До самого вечера Август вынимал мне душу. Я понимала, что он действительно страдает, но злилась, что он отказывается от помощи.
– Делла, это не помощь, – слабым голосом объяснил Август. – Однажды я очнулся в больнице и увидел вокруг себя чужие лица. Мне подумалось даже, что лучше бы я умер.
В груди больно кольнуло. Я поняла, о какой больнице речь.
– Это… тогда?
– Да, – ответил Август и отвел глаза. – Разумеется, я сам виноват. Надо быть более социальным, если хочешь, чтобы тебя не бросали в одиночестве.
– Разве тебя не навещали? – суховато удивилась я. – К тебе и однокурсники приходили, и Алистер. И дед приезжал.
– Да. Но тех людей, которых я хотел бы видеть, не было. Тех, ради кого я и боролся за жизнь. Мне казалось, что те люди огорчатся, если я умру. Я не хотел огорчать. Надеялся, что, может быть, им нужно от меня нечто большее, чем просто продолжение жизни, может быть, я сам небезразличен…
– И много таких людей было?
– Один.
– Значит, те, кто намекал, будто ты намеренно проворонил покушение, потому что хотел покончить с собой чужими руками, были правы? Личная трагедия?
Август покачал головой:
– Нет, нет, Делла. Не было никаких трагедий. Мои отношения с тем человеком – это вообще не то, что все думают. Но какое мне дело до того, что «все» думают обо мне? Я никогда не хотел жить так остро, как перед тем покушением. В личном у меня все складывалось весьма неплохо, по крайней мере, мне так казалось, но что было в действительности, не важно, – ведь на настроение влияет не действительность, а то, как ты ее видишь, как трактуешь, то, в чем ты убежден… Мне было к чему стремиться, и мне нравились перспективы. А в клинике я понял, что жить мне незачем. У меня есть долг перед семьей, родителями. Есть интересная работа и связанный с нею долг перед человечеством. Есть еще один долг перед Землей – Кларион. Но нет того, ради чего я все свои обязанности выполнял бы с радостью. И стремиться мне не к чему. Это не желание умереть, нет. Это равнодушие к жизни. Ничего особенного, если разобраться, так живут многие. От бесповоротного решения их удерживает лишь страх смерти, который трансформируется в жажду сиюминутных удовольствий – еда, алкоголь, наркотики, секс.
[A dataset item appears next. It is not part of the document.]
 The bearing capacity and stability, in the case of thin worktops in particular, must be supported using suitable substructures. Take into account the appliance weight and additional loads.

Я отвернулась и посмотрела в окно. В черные жалюзи, которые отгораживали меня от буйства танирского солнца. Да, я тоже такая. Наверное, тоже боюсь смерти. Только у меня этот страх трансформировался в жажду кипучей деятельности. Поэтому, едва оправившись после издевательств Энстона, я стала искать работу в полиции, а не устроилась секретаршей в крупную корпорацию.
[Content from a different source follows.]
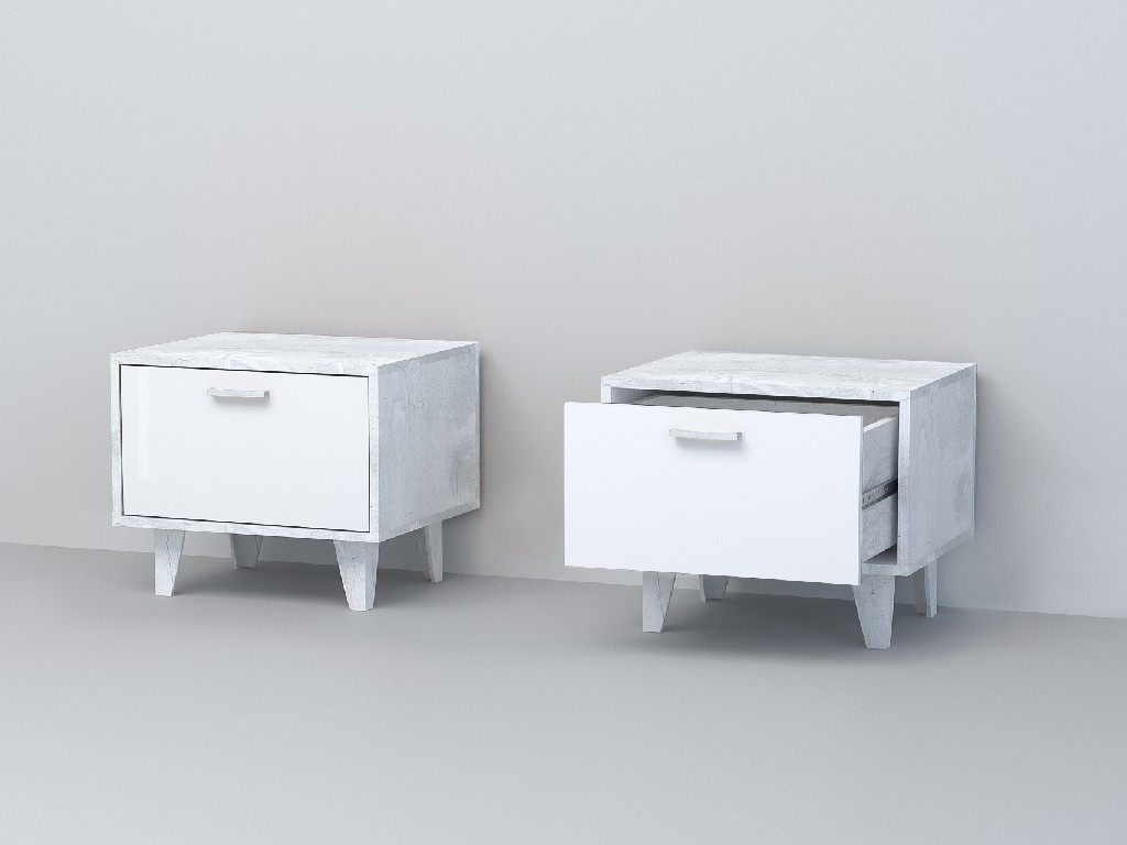 Тумба прикроватная Эго Т-5 бетон светлый/белый глянец на ножках

– Работа, – беззвучно напомнила я. – Работа, карьера – все это тоже сиюминутное.
– Да, – согласился Август. – Это мой «напиток забвения».
«И мой», – подумала я.
– Но я не хочу, чтобы ты считала меня трусом, который собственному страху в глаза посмотреть не способен. Я просто очень ответственный. Я не имею права взять и умереть. Я слишком много должен сделать. Поэтому борюсь не со страхом, а с равнодушием. А смерти я не боюсь. – Подумал и добавил убежденно: – Да. Совершенно не боюсь. Мне было четырнадцать, когда дед привел меня в наш фамильный склеп, показал место и сказал: «Оно твое. Когда умрешь, тебя положат сюда». Он показал и свое место, и место для моих родителей. Они хотели бы быть похороненными в Бостоне, но дед и слышать о том не желает. Для них все готово в Шотландии. Я долго рассматривал плиту, на которой уже выбиты мое имя и дата рождения. Потом спросил деда: а что будет, если я не совсем умру и очнусь в гробу? Дед не засмеялся. Он ответил: «Хорошо. Тогда мы проведем в гроб датчики движения, освещение и тревожную кнопку, а рядом поставим робота, который в случае чего сдвинет крышку и плиту надгробия. Если ты очнешься, то сможешь выйти». Через год он показал мне эту систему и предложил проверить. Мне понравилось. Я даже некоторое время играл в вампира, тайком от деда, конечно. Но три ночи я в гробу проспал. С тех пор я ни капельки не боюсь умереть. Смерть страшна своей безвыходностью, а когда у тебя уже приготовлен выход – чего же тут бояться?
Я поняла, что по щекам льются слезы. Стараясь только не выдать себя голосом, скомканно извинилась и вышла. Я больше не могла слушать Августа.
Значит, я права. За его неустроенностью, жизненной неприспособленностью стоит одно – тяжелое, безнадежное чувство. К какой-то неизвестной вертихвостке, которая даже не почесалась позвонить в госпиталь, узнать, выжил ли он. Я заранее ненавидела ее. На таком фоне даже Джиллиан Фергюсон казалась достойной дамой. Ей хоть что-то нужно, хоть что-то она дает взамен. А той, которая сломала замечательного парня, я пожелала бы только сотню бед в жизни. Пусть поймет, что можно отвергнуть – нельзя не замечать.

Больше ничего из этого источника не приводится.